== Recorded information ==
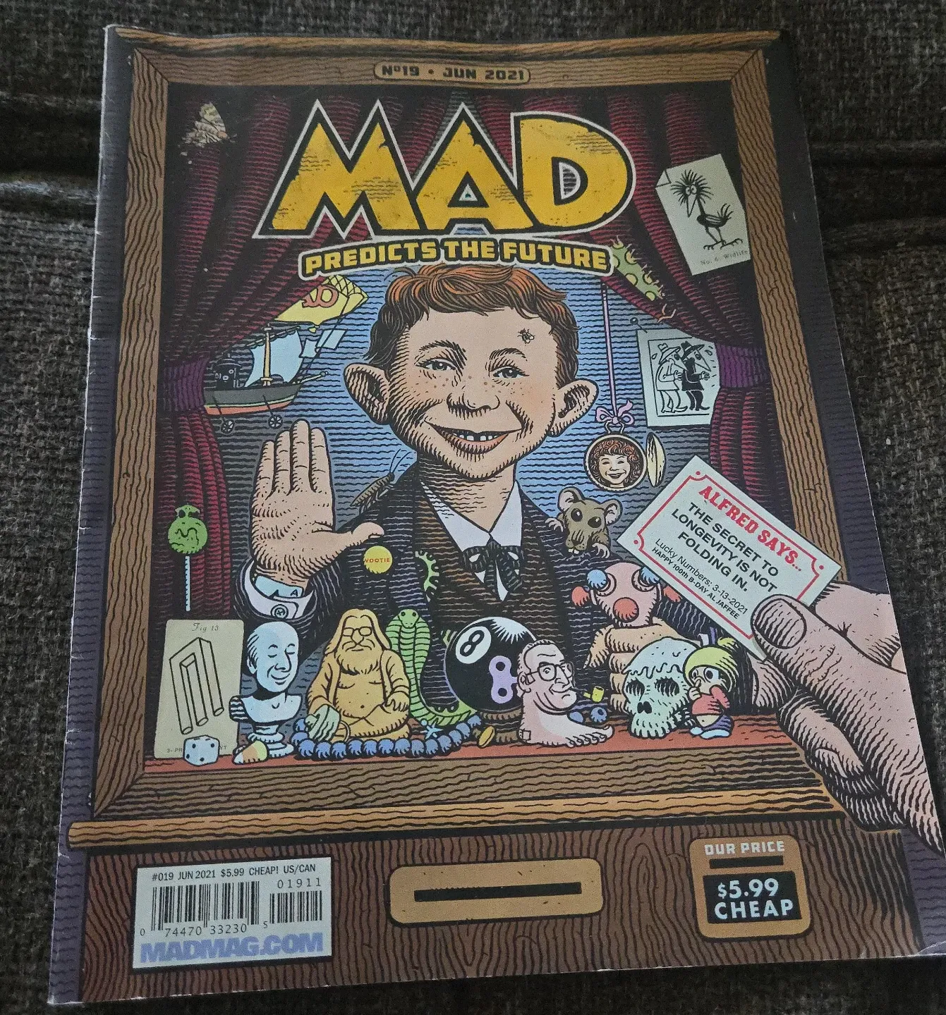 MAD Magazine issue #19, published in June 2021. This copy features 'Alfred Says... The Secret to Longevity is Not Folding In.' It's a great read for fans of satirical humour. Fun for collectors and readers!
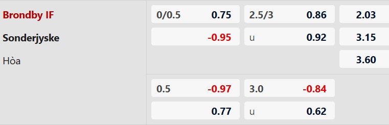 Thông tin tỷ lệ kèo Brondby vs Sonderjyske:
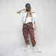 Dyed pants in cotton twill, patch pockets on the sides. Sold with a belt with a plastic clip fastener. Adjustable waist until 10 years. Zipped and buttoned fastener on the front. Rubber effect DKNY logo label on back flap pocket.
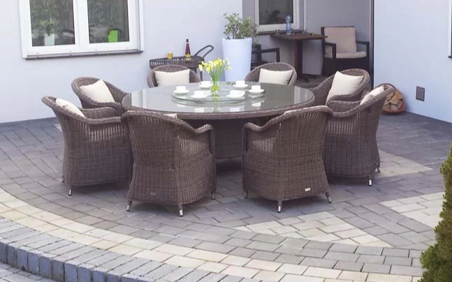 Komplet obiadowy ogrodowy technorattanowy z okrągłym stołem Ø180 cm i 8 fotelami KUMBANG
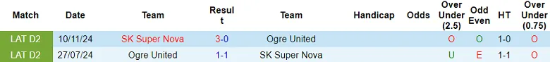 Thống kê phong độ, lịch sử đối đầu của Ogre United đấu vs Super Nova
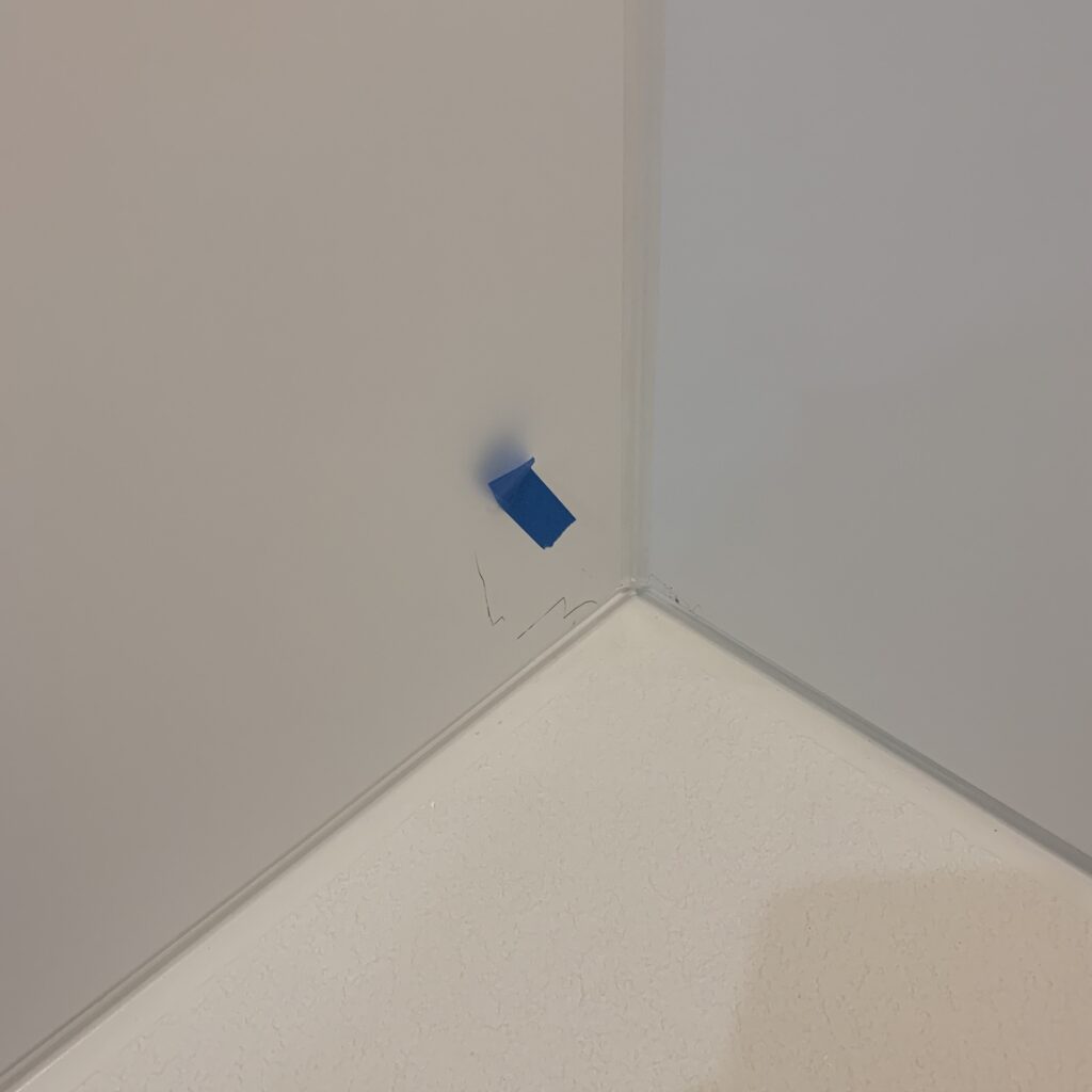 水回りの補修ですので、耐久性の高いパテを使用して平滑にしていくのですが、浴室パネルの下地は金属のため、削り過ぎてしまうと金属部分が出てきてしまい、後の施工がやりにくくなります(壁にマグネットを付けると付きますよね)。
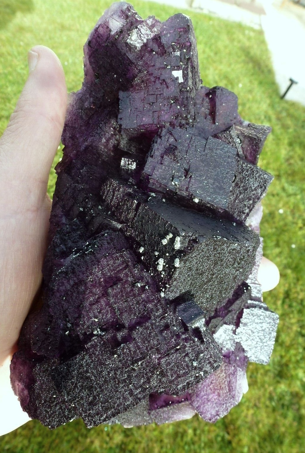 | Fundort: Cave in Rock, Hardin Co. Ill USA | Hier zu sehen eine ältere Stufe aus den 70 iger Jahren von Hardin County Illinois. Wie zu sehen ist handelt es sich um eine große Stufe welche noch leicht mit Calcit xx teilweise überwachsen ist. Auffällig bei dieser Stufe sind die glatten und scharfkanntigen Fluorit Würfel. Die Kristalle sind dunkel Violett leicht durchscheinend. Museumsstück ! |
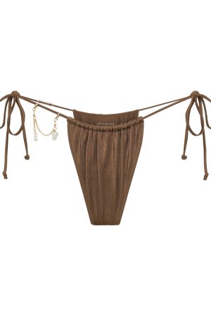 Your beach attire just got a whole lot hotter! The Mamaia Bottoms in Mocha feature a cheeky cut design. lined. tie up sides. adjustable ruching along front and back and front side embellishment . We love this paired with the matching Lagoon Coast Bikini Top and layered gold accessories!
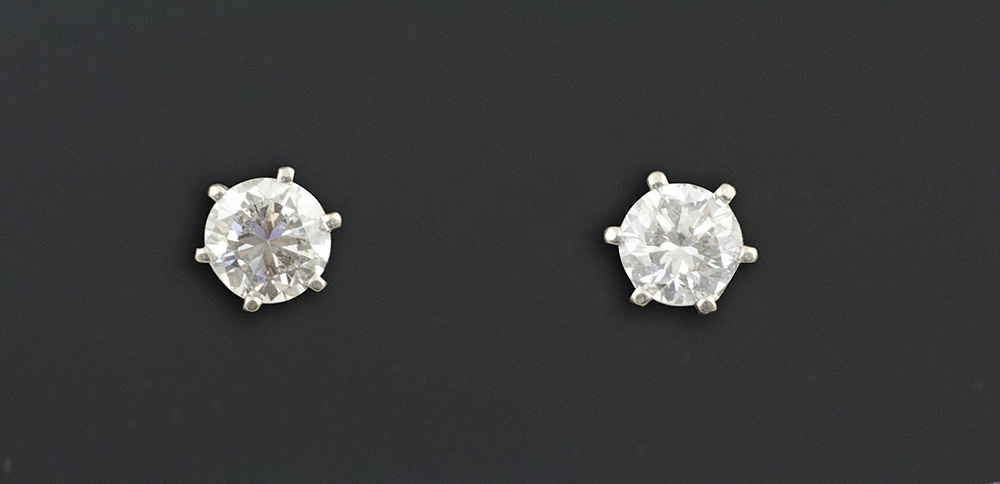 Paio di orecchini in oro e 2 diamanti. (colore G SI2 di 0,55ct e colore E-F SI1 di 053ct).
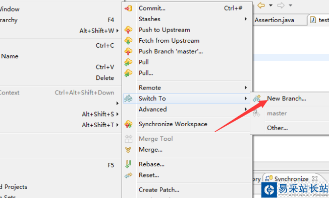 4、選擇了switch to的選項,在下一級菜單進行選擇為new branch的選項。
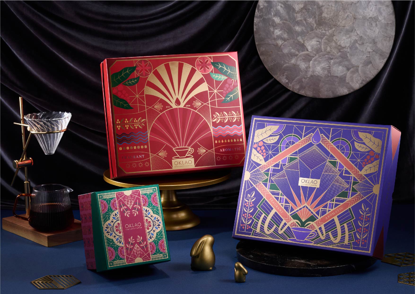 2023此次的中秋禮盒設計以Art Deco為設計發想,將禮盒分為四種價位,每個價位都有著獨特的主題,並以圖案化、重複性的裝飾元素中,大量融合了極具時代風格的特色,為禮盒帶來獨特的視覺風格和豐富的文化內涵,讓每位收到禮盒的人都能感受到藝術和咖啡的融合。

...

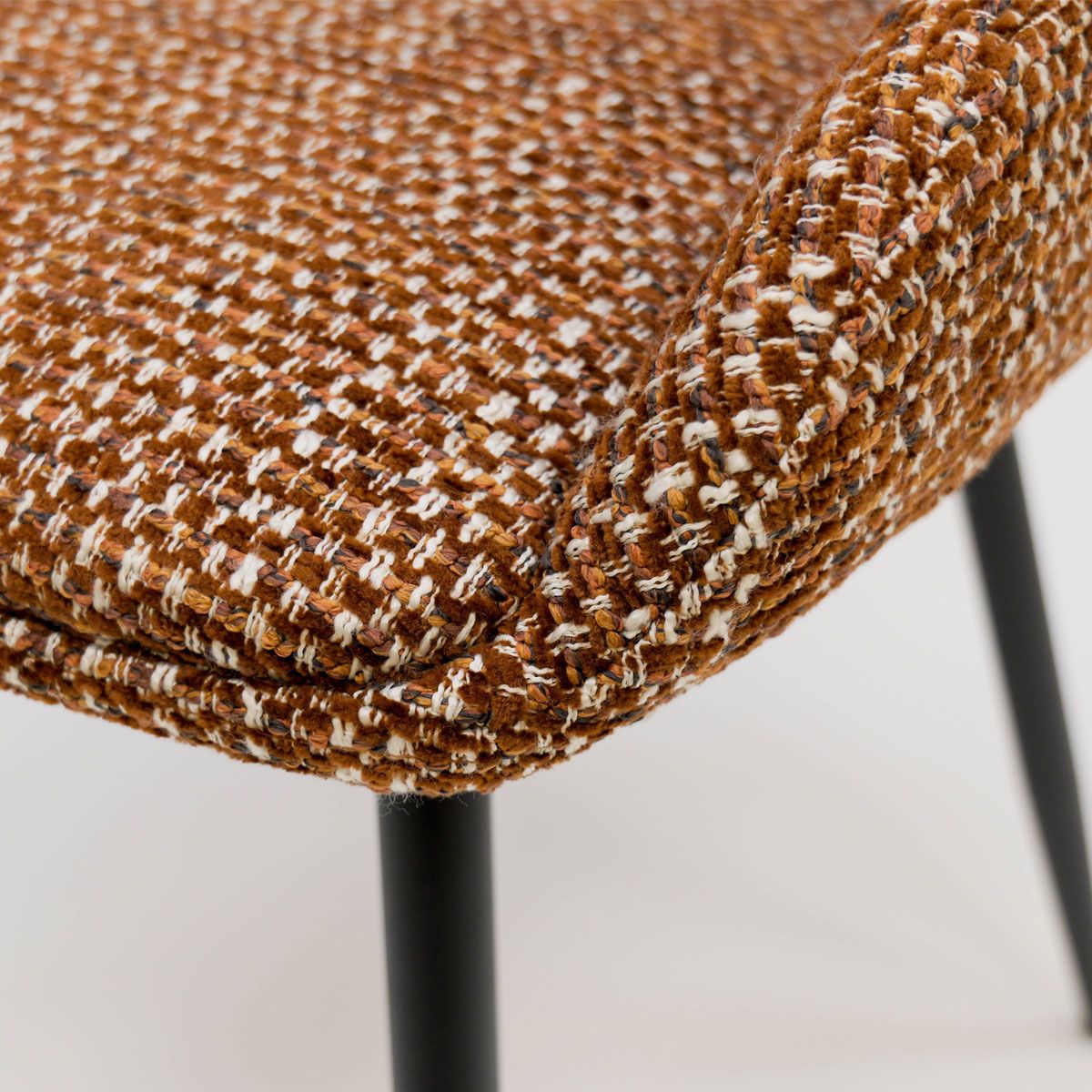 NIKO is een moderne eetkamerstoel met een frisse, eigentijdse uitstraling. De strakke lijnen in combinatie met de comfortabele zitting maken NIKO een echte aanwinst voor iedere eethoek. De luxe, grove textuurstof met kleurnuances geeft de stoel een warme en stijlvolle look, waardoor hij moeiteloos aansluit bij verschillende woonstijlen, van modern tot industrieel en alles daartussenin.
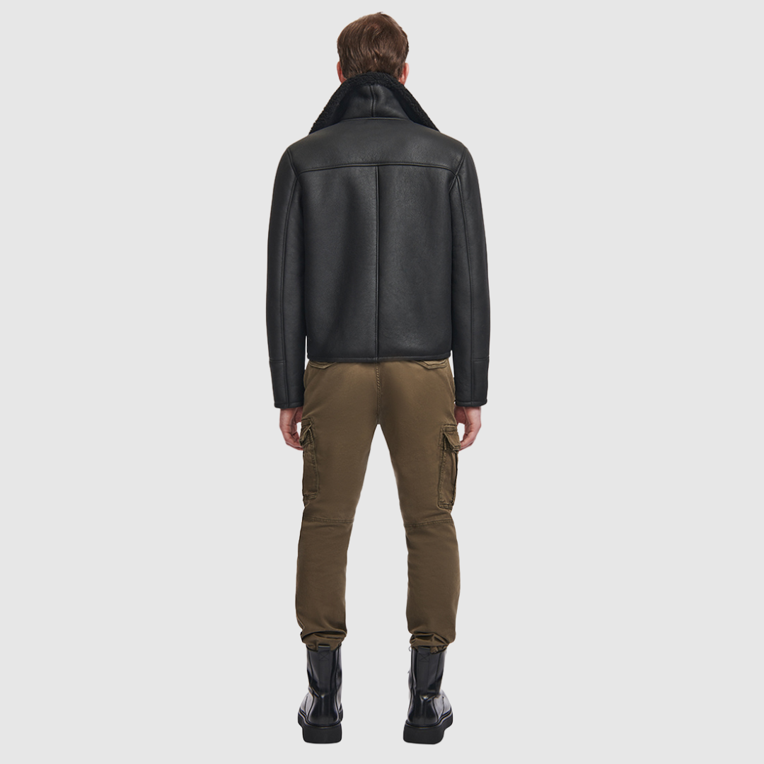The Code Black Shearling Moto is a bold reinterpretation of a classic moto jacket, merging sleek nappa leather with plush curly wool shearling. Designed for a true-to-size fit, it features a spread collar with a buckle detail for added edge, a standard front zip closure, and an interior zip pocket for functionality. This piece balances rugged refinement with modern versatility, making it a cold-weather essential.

== Task details ==
An exact copy of the lines above from the one with "4、選擇了switch to的選項,在下一級菜單進行選擇為new branch的選項。" up to and including the one with "2023此次的中秋禮盒設計以" is required; reproduce only those lines, omitting all pictures.

== Written answer ==
 4、選擇了switch to的選項,在下一級菜單進行選擇為new branch的選項。
 2023此次的中秋禮盒設計以Art Deco為設計發想,將禮盒分為四種價位,每個價位都有著獨特的主題,並以圖案化、重複性的裝飾元素中,大量融合了極具時代風格的特色,為禮盒帶來獨特的視覺風格和豐富的文化內涵,讓每位收到禮盒的人都能感受到藝術和咖啡的融合。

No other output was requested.